Please add them in your original question to make it complete.

We want to prove $\{\lnot P_1\to P_2\}\vdash\lnot P_2\to P_1$. A proof is a finite sequence of sentences that each of them is either an assumption, or one of the logical axioms or it's a sentence that can be deduced through modus ponens using previous sentences of the proof. I will write a number next to every sentence to denote the step in which I am.

The first thing to do is to write down your assumptions:

1.$\lnot P_1\to P_2$ (assumption)

What we want to do now is to find an axiom that looks like the assumption so we can use the modus ponens. Axiom 2 fits perfectly here so our second step can be

2.$(\lnot P_1\to P_2)\to((\lnot P_1\to\lnot P_2)\to P_1)$ (axiom 2)

Using modus ponens on 1 and 2 we can derive the following

3.$(\lnot P_1\to\lnot P_2)\to P_1$ (modus ponens 1,2)

The "right hand side" of the consequence we want to prove is there (namely $P_1$) but the "left hand side" is different. So what we want is some means to replace that $\lnot P_1\to\lnot P_2$ with $\lnot P_2$. Intuitively, what we need is to show that from $\lnot P_2$ we can derive $\lnot P_1\to\lnot P_2$. Looking at the axioms this is exactly what the first one gives:

4.$\lnot P_2\to(\lnot P_1\to\lnot P_2)$ (axiom 1)

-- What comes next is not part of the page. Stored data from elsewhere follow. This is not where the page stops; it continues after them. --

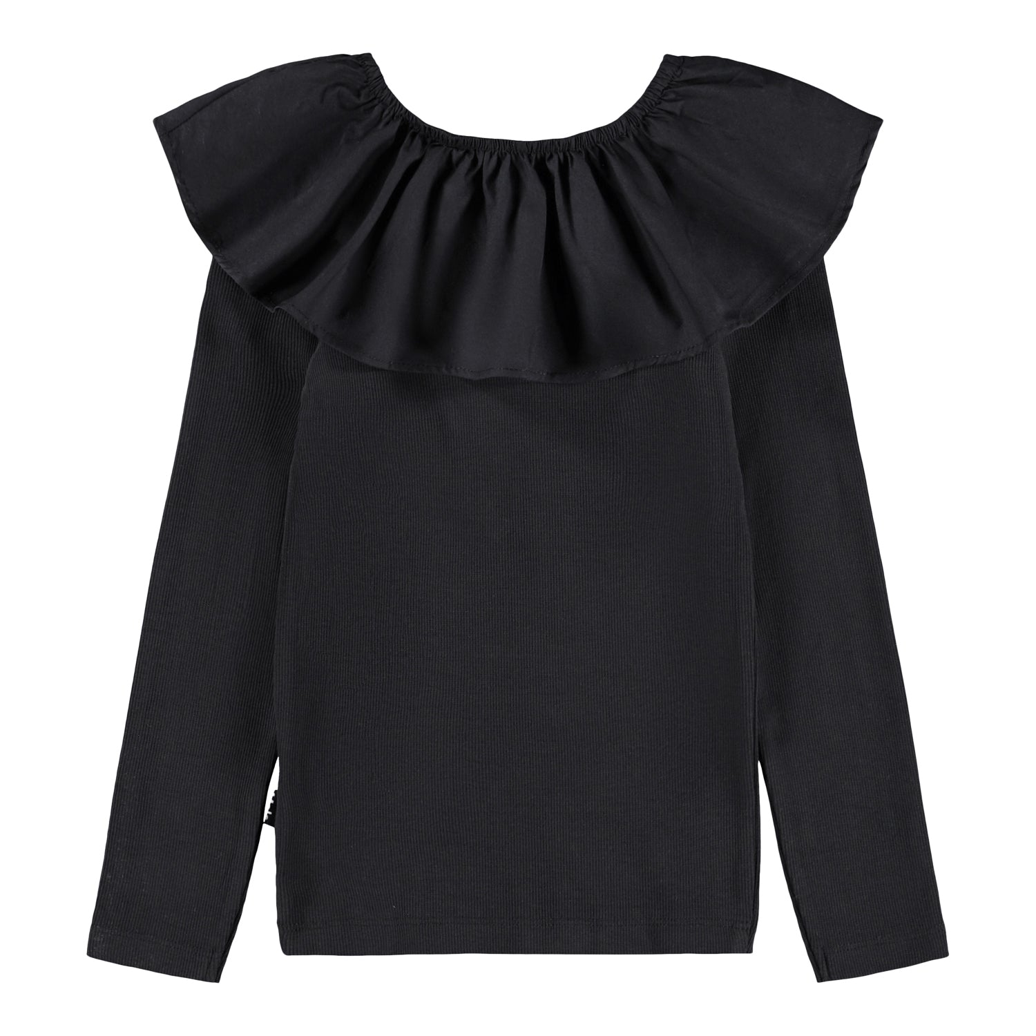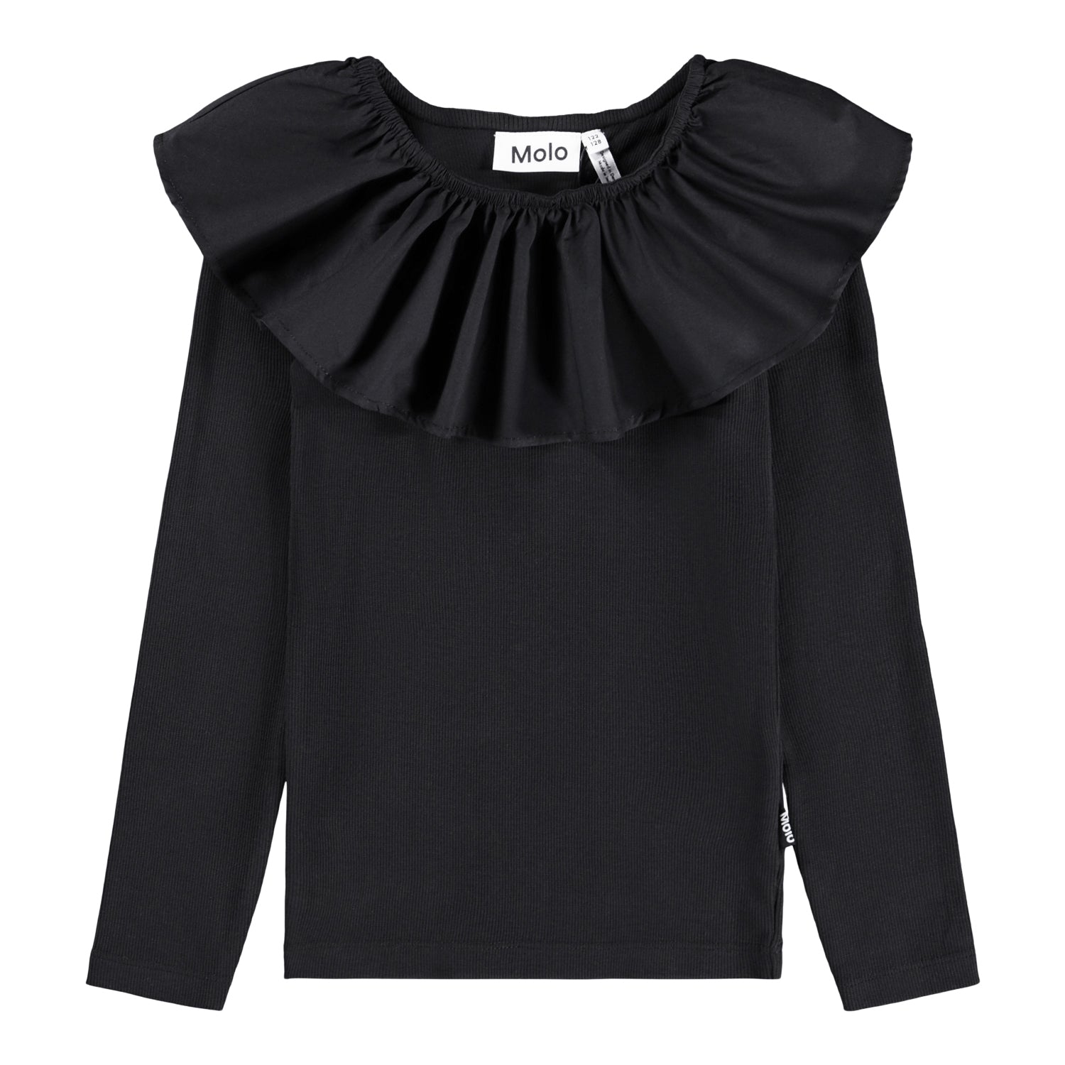 Svartur, þröngur bolur frá Molo með löngum ermum og kraga.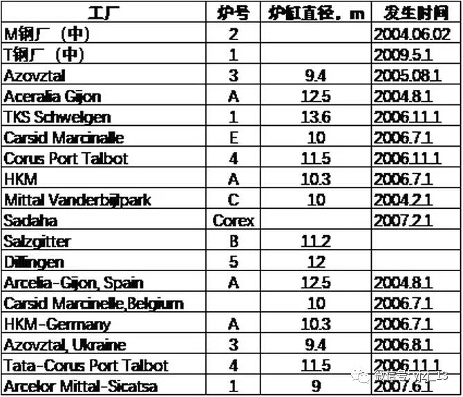 煉鐵(1980-2017年)國(guó)內(nèi)外高爐爐缸燒出事故案例及分析匯總(一)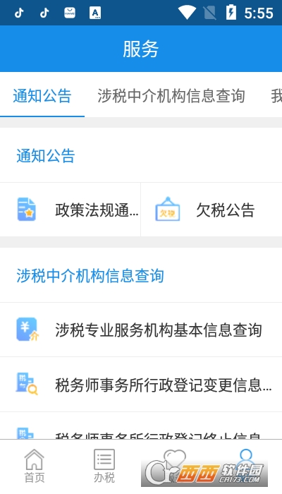 (三)服务:四川税务app提供查询,权益保护,预约办税,通知公告,咨询辅导,公共查询五大项服务。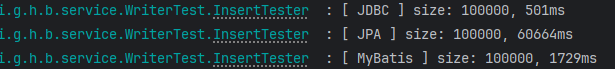 JDBC와 Mybatis를 보면 똑같이 10만개의 데이터를 values 로 처리하는 것을 확인할 수 있다. 근데 JDBC가 훨씬 빠른 이유는 뭔지 찾아봤다.
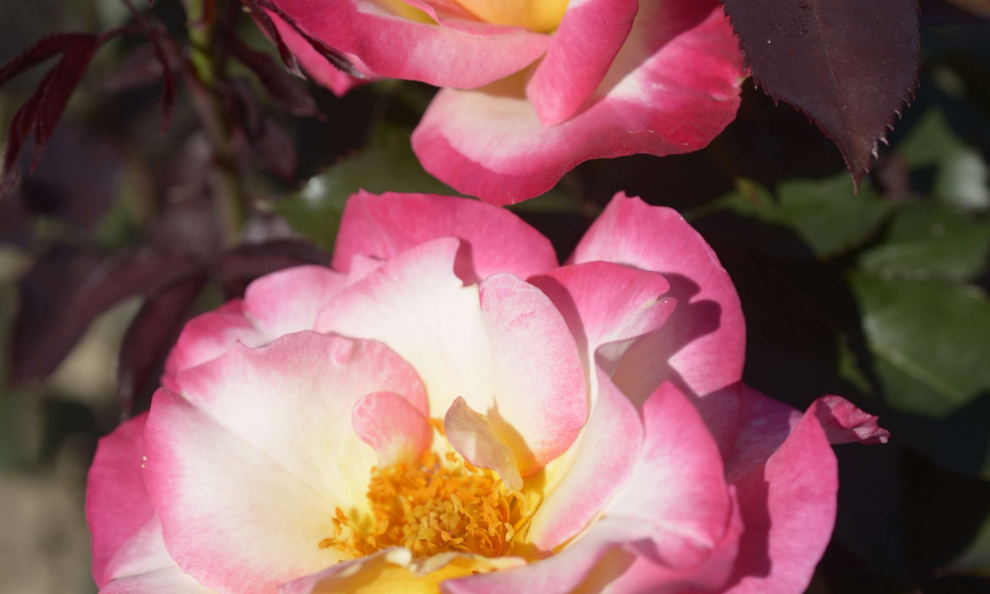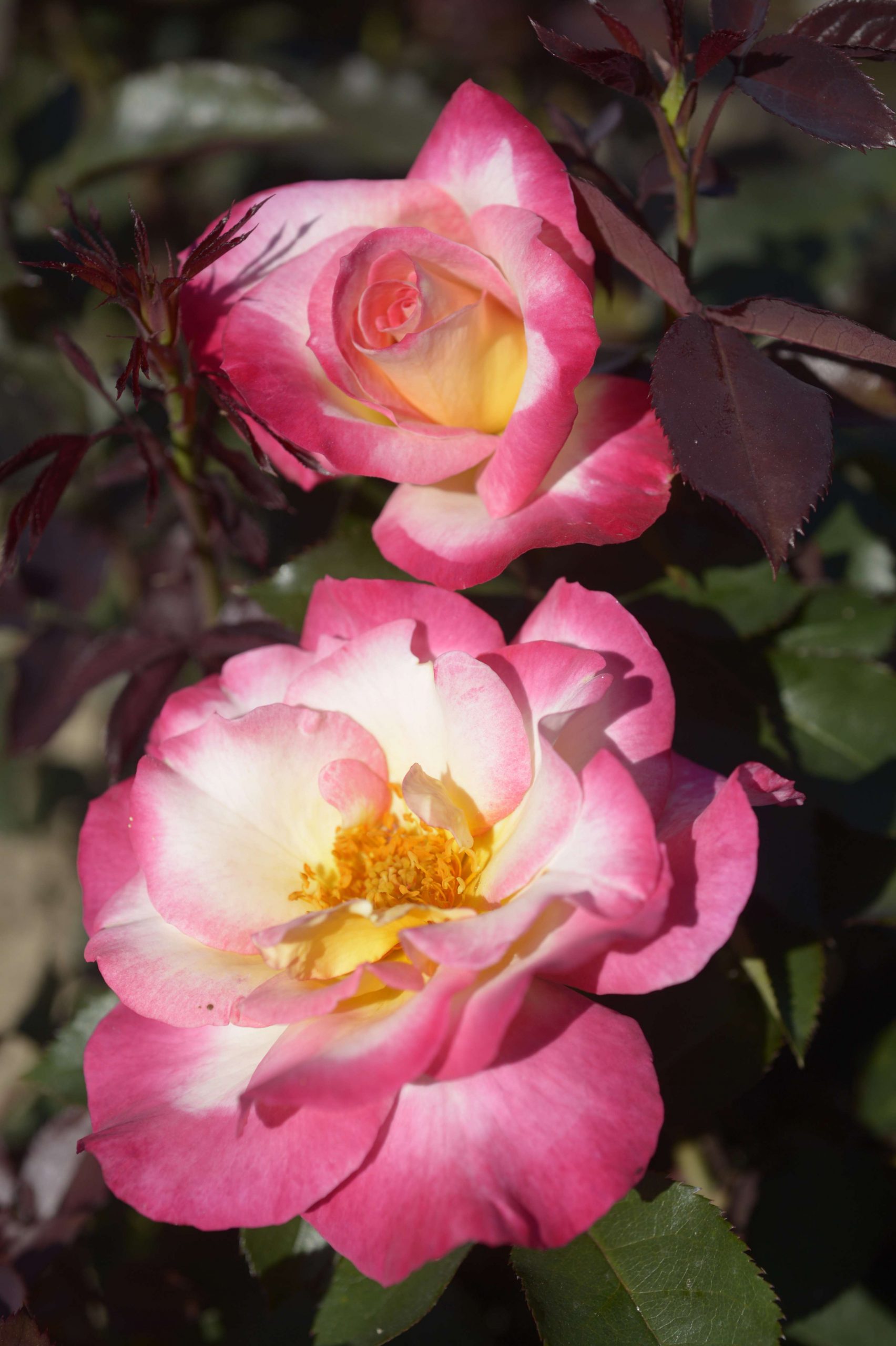 Fleurs groupées lumineuses et bicolores au parfum citronné, très remontantes et semi-doubles.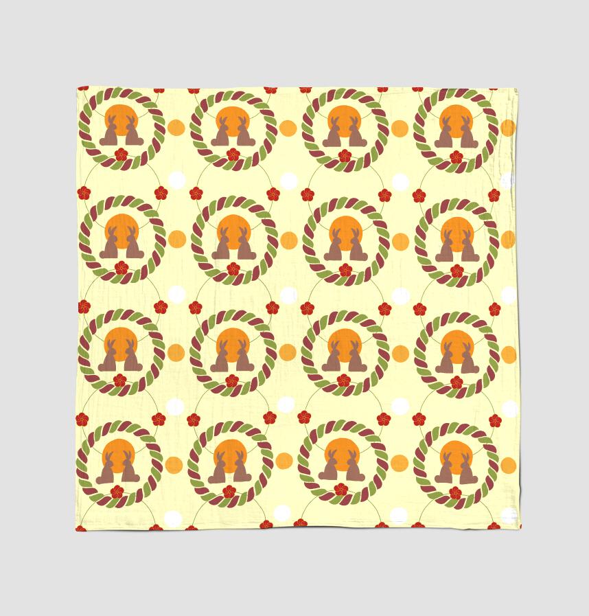 モチーフのしめ縄の大きさは約20cmなので比較的大きめの柄になります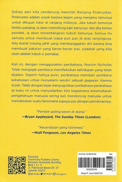 Kita ibarat tukang jahit yang membanggakan diri karena bisa membuat pakaian yang benar-benar pas. padahal yang kita ubah adalah tubuh si pemakai. Kali ini. dengan menggunakan peribahasa. Nassim Nicholas Taleb mengajak pembaca merefleksikan kehidupan yang telah dijalani.
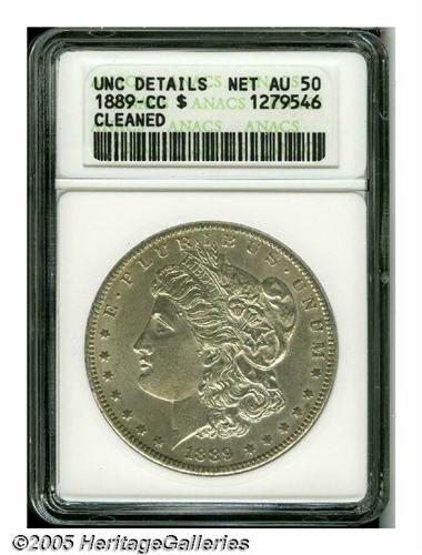 <B>1889-CC<S$1>--Cleaned--ANACS. Unc Details, Net AU50.</B></I> Always popular as the most elusive Carson City date in the Morgan series, the 1889-CC has an impressively low mintage of only 350,000 pieces. This is a well defined example that is fully struck. The surfaces, however, are dull from cleaning and each side has an overlay of light gray-golden toning. Relatively mark-free with no notable abrasions on either side.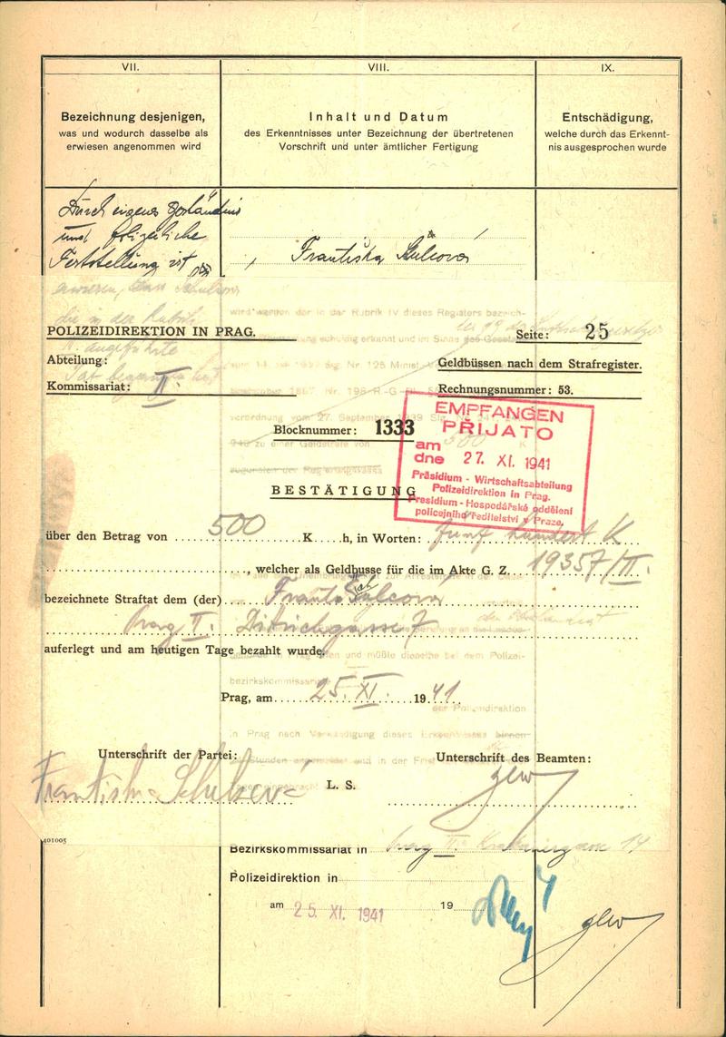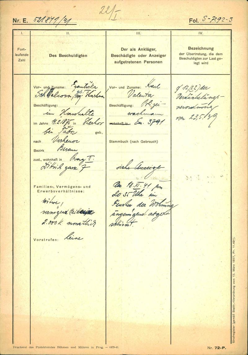 Nationalarchiv Prag > Polizei-Direktion Prag > 1941-1950 > S > Schulzová Františka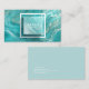 Immerse your brand in modern luxury with this captivating and artistic business card design. Featuring a stunning liquid marble effect, this card swirls with vibrant shades of teal, turquoise, and aqua, beautifully accented with elegant veins of shimmering gold glitter. The fluid, abstract background evokes the beauty of natural agate stone or gentle ocean waves, creating a sense of dynamic sophistication. A clean, white square frame provides a contemporary anchor to the design, while a semi-transparent floating panel adds a unique dimensional effect, ensuring your professional details are presented with unparalleled style. This design is perfect for high-end brands and creative professionals, including interior designers, makeup artists, beauty salon owners, event planners, artists, boutique owners, and luxury real estate agents. Make a powerful and lasting impression with a business card that is a true work of art.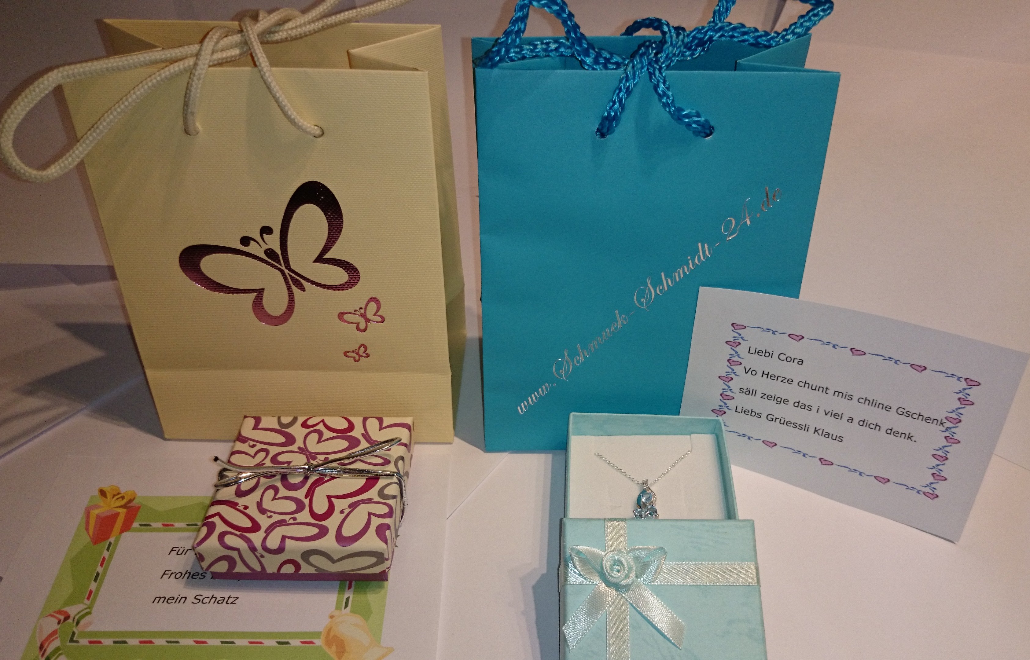 Schreiben Sie uns Ihren gewünschten Grußtext, wir drucken Ihre Grußkarte, verpacken in eine Schmuckbox und alles zusammen in eine Schmucktasche zum Überreichen.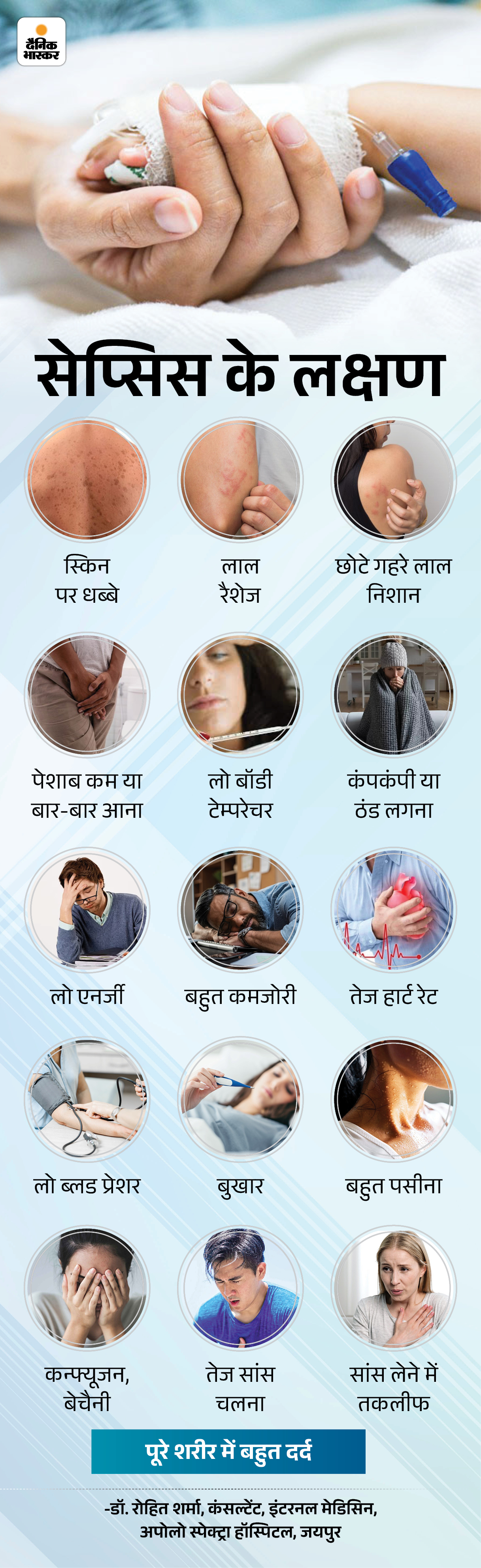 आमतौर पर बुखार या बहुत कम बॉडी टेम्परेचर के साथ धड़कन तेज हो जाती है। कुछ लोगों में स्किन पर लाल या धब्बेदार रैश भी दिखता है। ब्लड प्रेशर गिरने से शरीर में ब्लड सप्लाई कम हो जाती है, जिससे मरीज की हालत तेजी से बिगड़ सकती है। ऐसे में तुरंत अस्पताल जाना जरूरी है, क्योंकि सेप्सिस मिनटों में गंभीर रूप ले सकता है। इसके सभी लक्षण ग्राफिक में देखिए-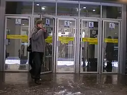 Vue du bâtiment commercial qui abrite le hall et l'accès à la station. | ||||||||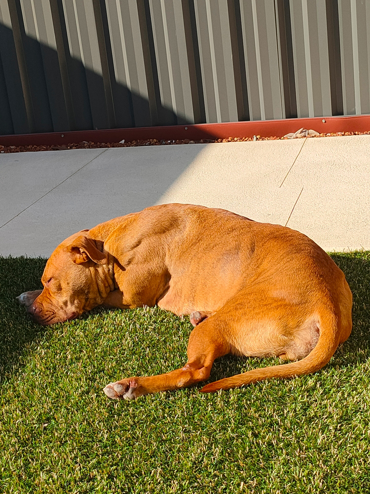 Marley loves her pats and belly rubs. She is quite happy snoozing away next to her humans. She is house trained and will sleep indoors through the night until you let her out to toilet.

We have something of the form $A\to B$ and $B\to C$ and we want to prove $A\to C$. If we can do that then our prove will be complete.

So now what we want to prove is $\{A\to B, B\to C\}\vdash A\to C$.

Again let's begin with our assumptions:

1.$A\to B$ (assumption)

2.$B\to C$ (assumption)

What we want to do is to create somewhere $A\to C$. Looking at the axioms that you have (and since $A\to B$ is an assumption) a good idea is to use the third axiom

3.$(A\to (B\to C))\to((A\to B)\to(A\to C))$ (axiom 3)

Since $B\to C$ is an assumption we should use the first axiom to create that $(A\to (B\to C))$ we have

4.$(B\to C)\to(A\to (B\to C))$ (axiom 1)

Now we have everything we want. We just need to apply modus ponens to derive our result:

5.$A\to(B\to C)$ (modus ponens 2,4)

6.$(A\to B)\to(A\to C)$ (modus ponens 3,5)

7.$A\to C$ (modus ponens 1,6)


So writing it down a bit more formally we have:

A. $\{A\to B, B\to C\}\vdash A\to C$:

  1. $A\to B$ (assumption)
  2. $B\to C$ (assumption)
  3. $(A\to (B\to C))\to((A\to B)\to(A\to C))$ (axiom 3)
  4. $(B\to C)\to(A\to (B\to C))$ (axiom 1)
  5. $A\to(B\to C)$ (modus ponens 2,4)
  6. $(A\to B)\to(A\to C)$ (modus ponens 3,5)
  7. $A\to C$ (modus ponens 1,6)

B. $\{\lnot P_1\to P_2\}\vdash\lnot P_2\to P_1$:

  1. $\lnot P_1\to P_2$ (assumption)
  2. $(\lnot P_1\to P_2)\to((\lnot P_1\to\lnot P_2)\to P_1)$ (axiom 2)
  3. $(\lnot P_1\to\lnot P_2)\to P_1$ (modus ponens 1,2)
  4. $\lnot P_2\to(\lnot P_1\to\lnot P_2)$ (axiom 1)
  5. $\lnot P_2\to P_1$ (using A with 3,4)

I hope that was helpful.